Output the listing below exactly, minus its images.

Data section START

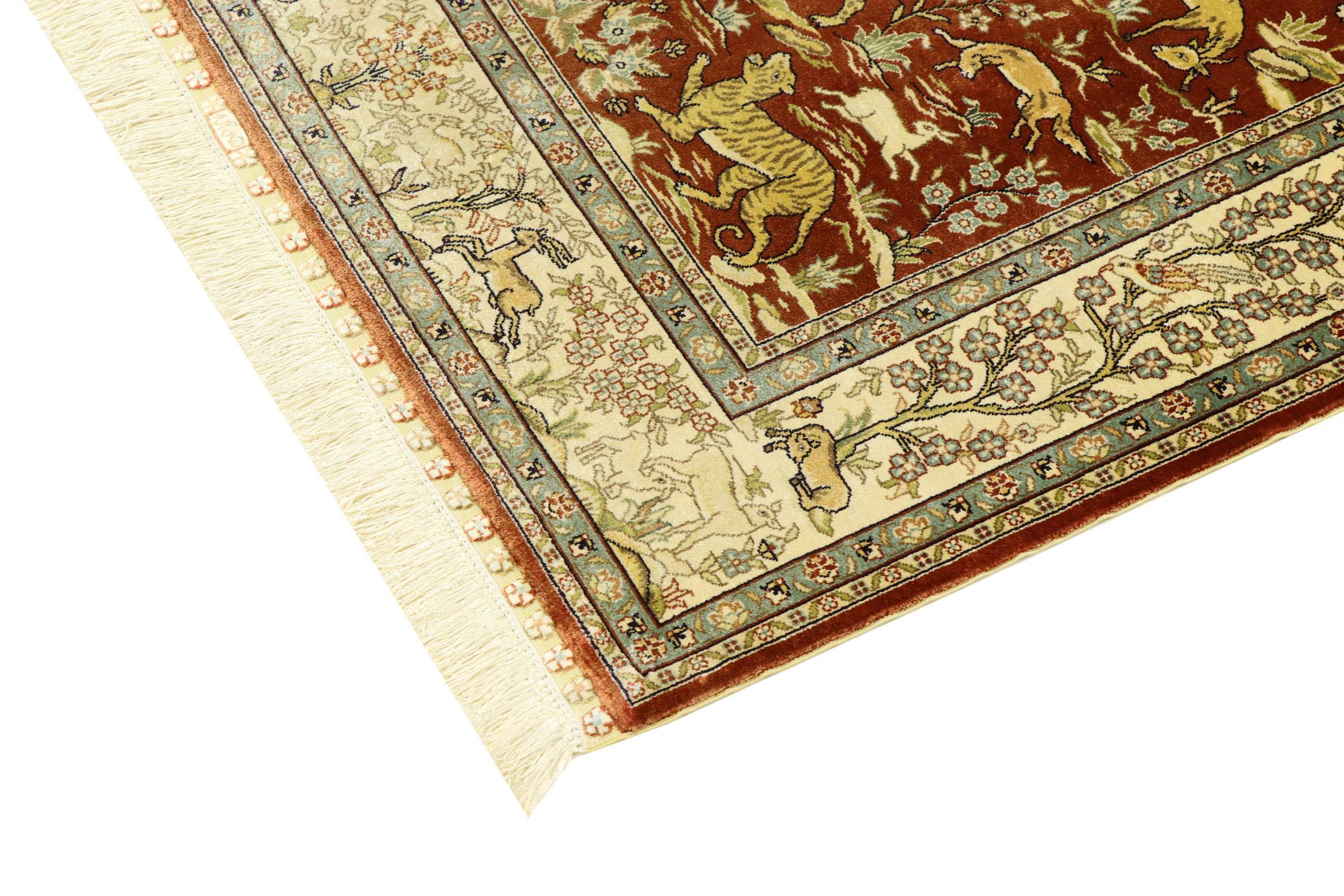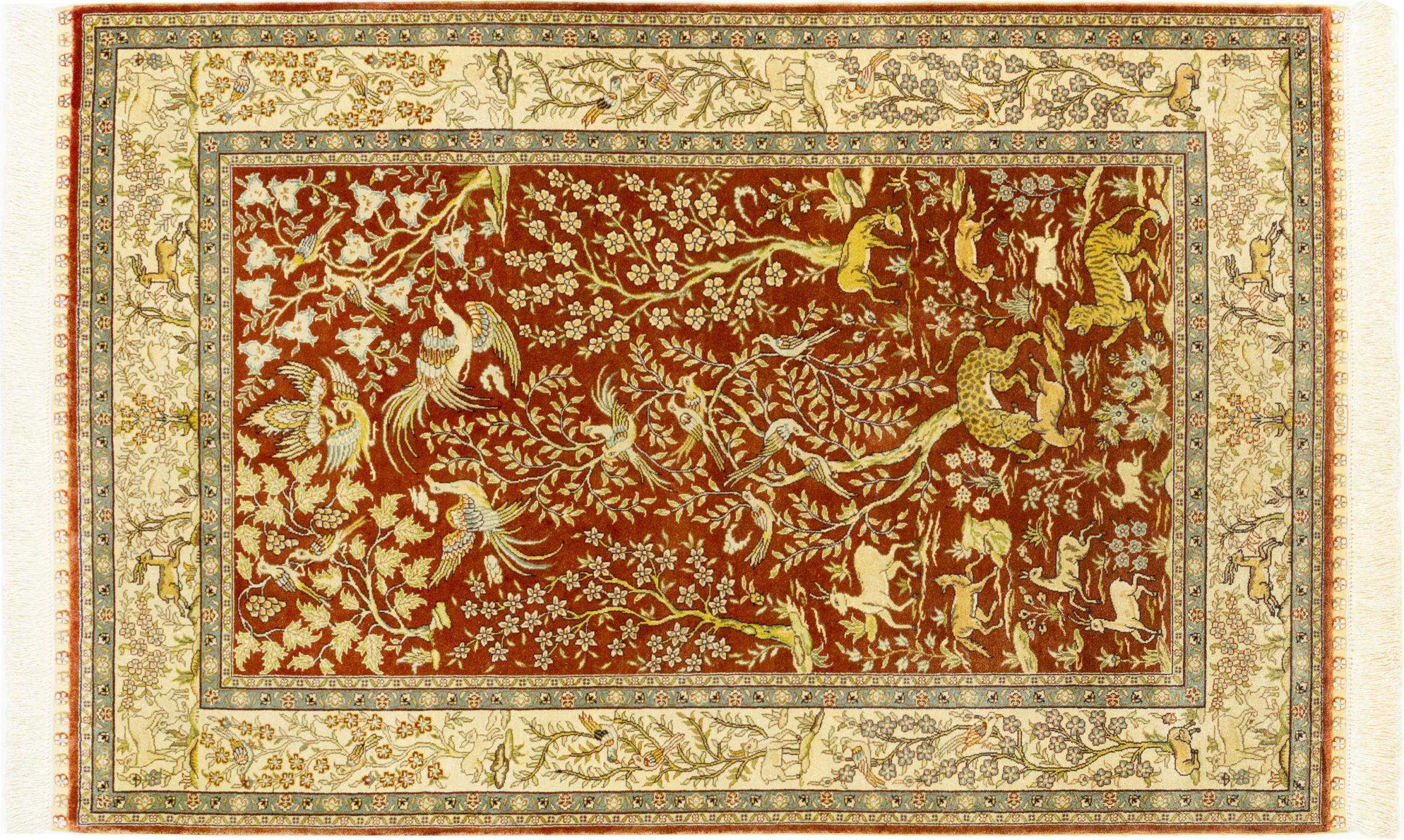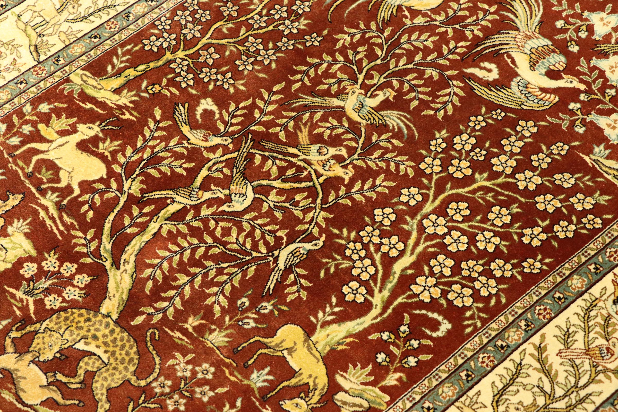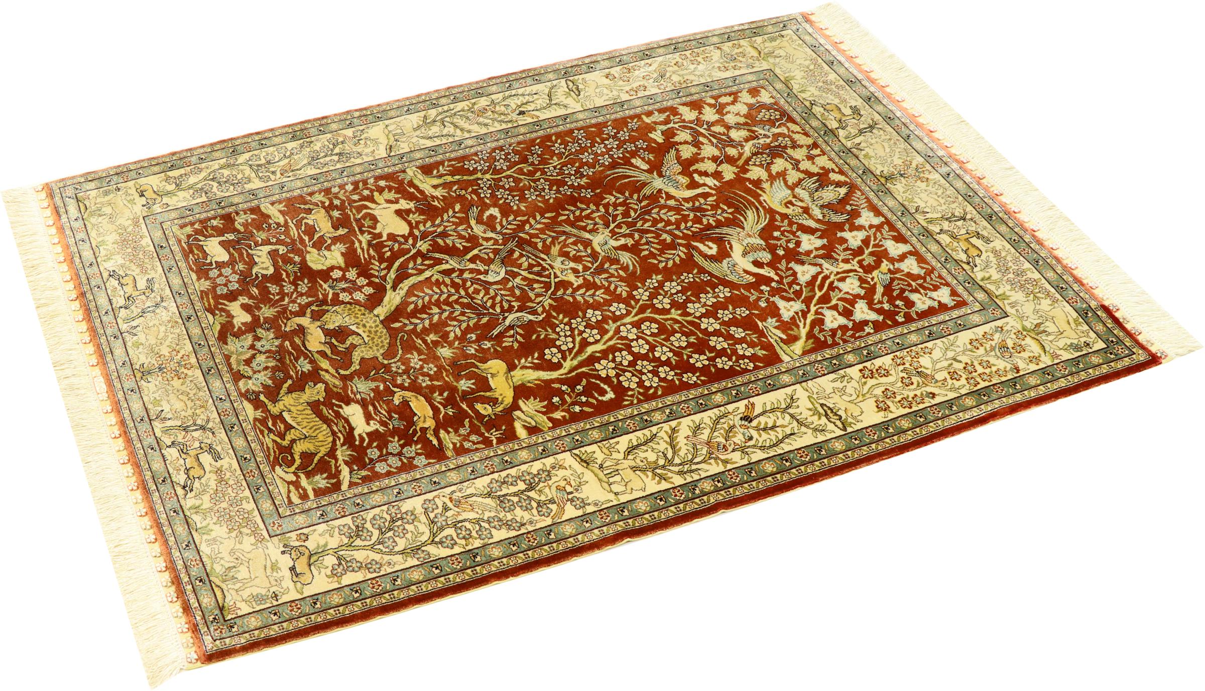 Este tapete Hereke feito à mão é uma magnífica adição ao seu espaço de vida. Outrora destinado a palácios imperiais, esta obra de arte detalhada adorna agora a sua casa. Apenas materiais naturais são utilizados para criar esta peça única, que é tecida por mãos talentosas de mestres num design tradicional com um brilho fino.
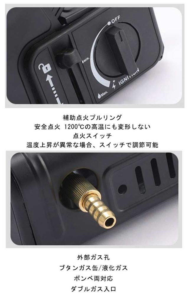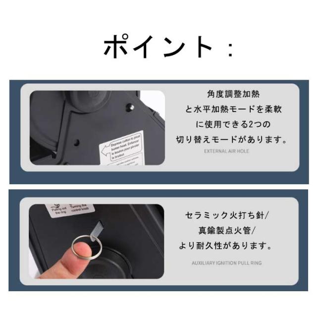 | 多機能ガスストーブ 電源不要 速暖 持ち運び簡単 1台2役 ポイント: 1.多孔質ハニカムセラミック加熱を採用し、急速に加熱でき、さらなる熱伝達によりエネルギー収集とガス節約効果を実現します。 2.角度調整加熱と水平加熱モードを柔軟に使用できる2つの切り替えモードがあります。 3.セラミック火打ち針/真鍮製点火管/より耐久性があります。 4.持ち手デザイン/より携帯性が高いです。 パッケージリスト: 多機能ポータブルヒータ* 1 さまざまなシーンで使えます *ガスボンベは付属しておりません。 キャンプに便利な多機能ストーブ 暖房用としてはもちろん、お湯を沸かしたりちょっとした調理もできるのでキャンプなどのアウトドアに必須なアイテム! 縦向き 暖房用ヒーターとして使用するときに最適! ヒーターの向きを変更できる! 横向き クッキングヒーターとして使用する場合に最適です! 市販のガスボンベも使用可能です!! 220gまたは250gのブタンガス、カートリッジLPG(液化ブタン)のガスカートリッジを使用することが出来ます。 製品詳細 カットンを押してバンパーヘッドを回転させます。 二種類のモード切替 立て - 暖房モード 平置き - 加熱モード 外部ガス孔 ブタンガス缶/液化ガス ボンベ両対応 ダブルガス入口 補助点火プルリング 安全点火 1200℃の高温にも変形しない 点火スイッチ 温度上昇が異常な場合、スイッチで調節可能 | |
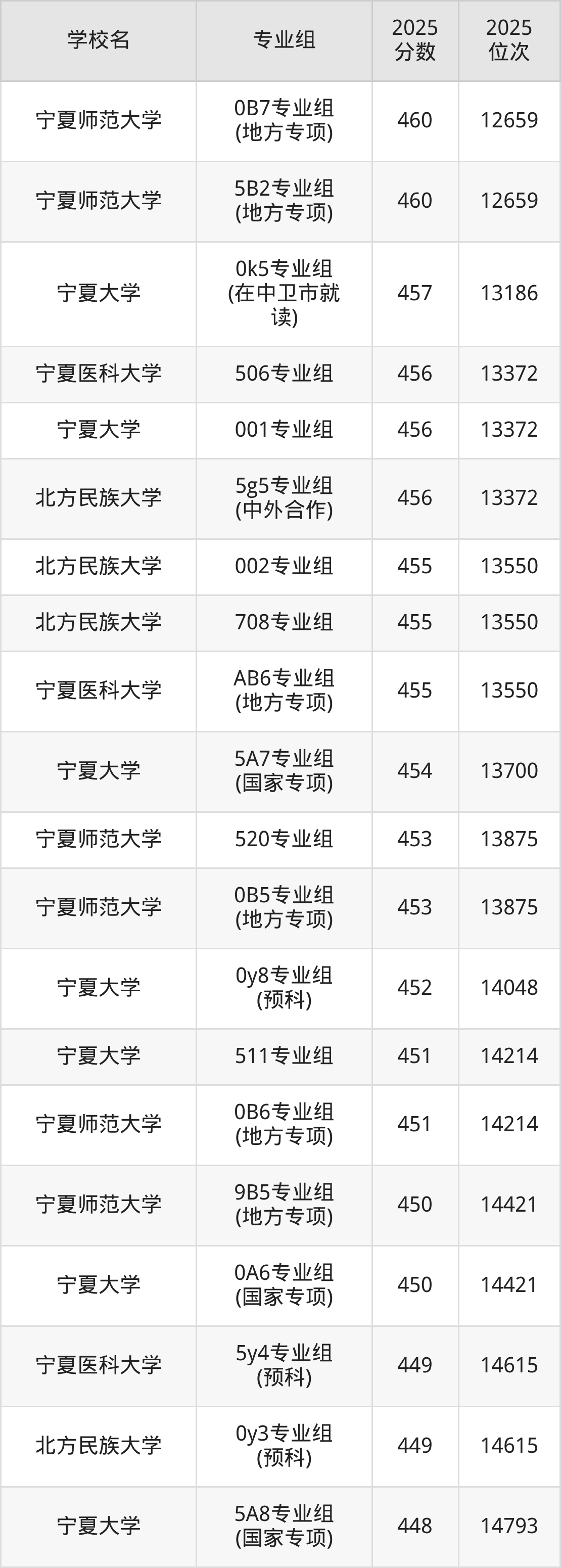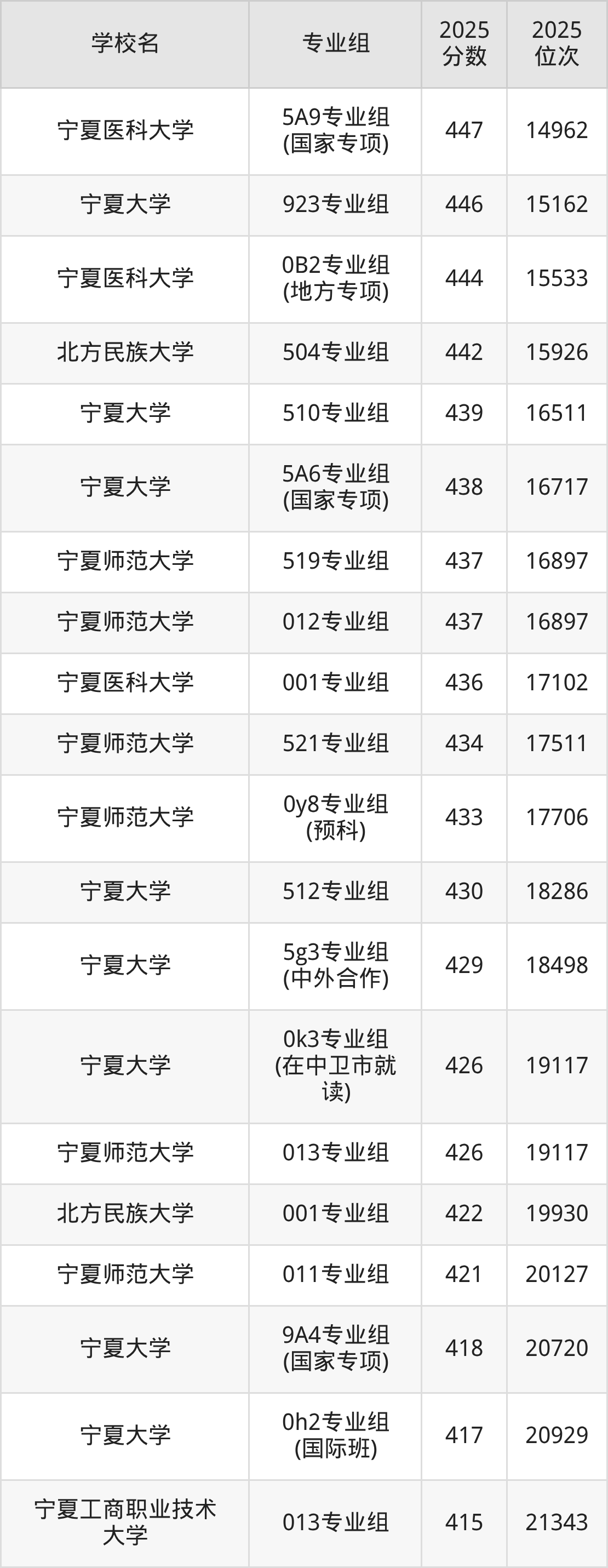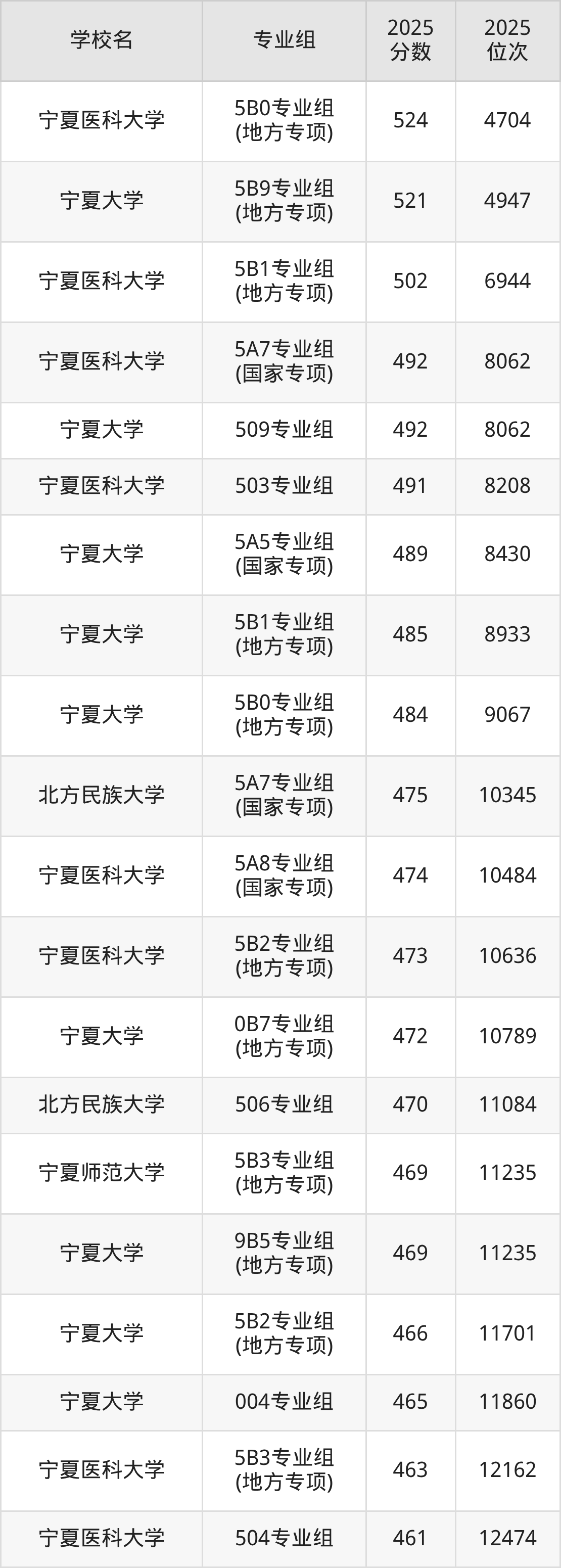 其中,分数线排名第一的公办本科大学是宁夏医科大学5B0专业组(地方专项),除此之外,收分较高的院校还有:宁夏大学5B9专业组(地方专项)521分、宁夏医科大学5B1专业组(地方专项)502分、宁夏医科大学5A7专业组(国家专项)492分、宁夏大学509专业组492分。

Data section END

▶ **Task solution**:
 Este tapete Hereke feito à mão é uma magnífica adição ao seu espaço de vida. Outrora destinado a palácios imperiais, esta obra de arte detalhada adorna agora a sua casa. Apenas materiais naturais são utilizados para criar esta peça única, que é tecida por mãos talentosas de mestres num design tradicional com um brilho fino.
 | 多機能ガスストーブ 電源不要 速暖 持ち運び簡単 1台2役 ポイント: 1.多孔質ハニカムセラミック加熱を採用し、急速に加熱でき、さらなる熱伝達によりエネルギー収集とガス節約効果を実現します。 2.角度調整加熱と水平加熱モードを柔軟に使用できる2つの切り替えモードがあります。 3.セラミック火打ち針/真鍮製点火管/より耐久性があります。 4.持ち手デザイン/より携帯性が高いです。 パッケージリスト: 多機能ポータブルヒータ* 1 さまざまなシーンで使えます *ガスボンベは付属しておりません。 キャンプに便利な多機能ストーブ 暖房用としてはもちろん、お湯を沸かしたりちょっとした調理もできるのでキャンプなどのアウトドアに必須なアイテム! 縦向き 暖房用ヒーターとして使用するときに最適! ヒーターの向きを変更できる! 横向き クッキングヒーターとして使用する場合に最適です! 市販のガスボンベも使用可能です!! 220gまたは250gのブタンガス、カートリッジLPG(液化ブタン)のガスカートリッジを使用することが出来ます。 製品詳細 カットンを押してバンパーヘッドを回転させます。 二種類のモード切替 立て - 暖房モード 平置き - 加熱モード 外部ガス孔 ブタンガス缶/液化ガス ボンベ両対応 ダブルガス入口 補助点火プルリング 安全点火 1200℃の高温にも変形しない 点火スイッチ 温度上昇が異常な場合、スイッチで調節可能 | |
 其中,分数线排名第一的公办本科大学是宁夏医科大学5B0专业组(地方专项),除此之外,收分较高的院校还有:宁夏大学5B9专业组(地方专项)521分、宁夏医科大学5B1专业组(地方专项)502分、宁夏医科大学5A7专业组(国家专项)492分、宁夏大学509专业组492分。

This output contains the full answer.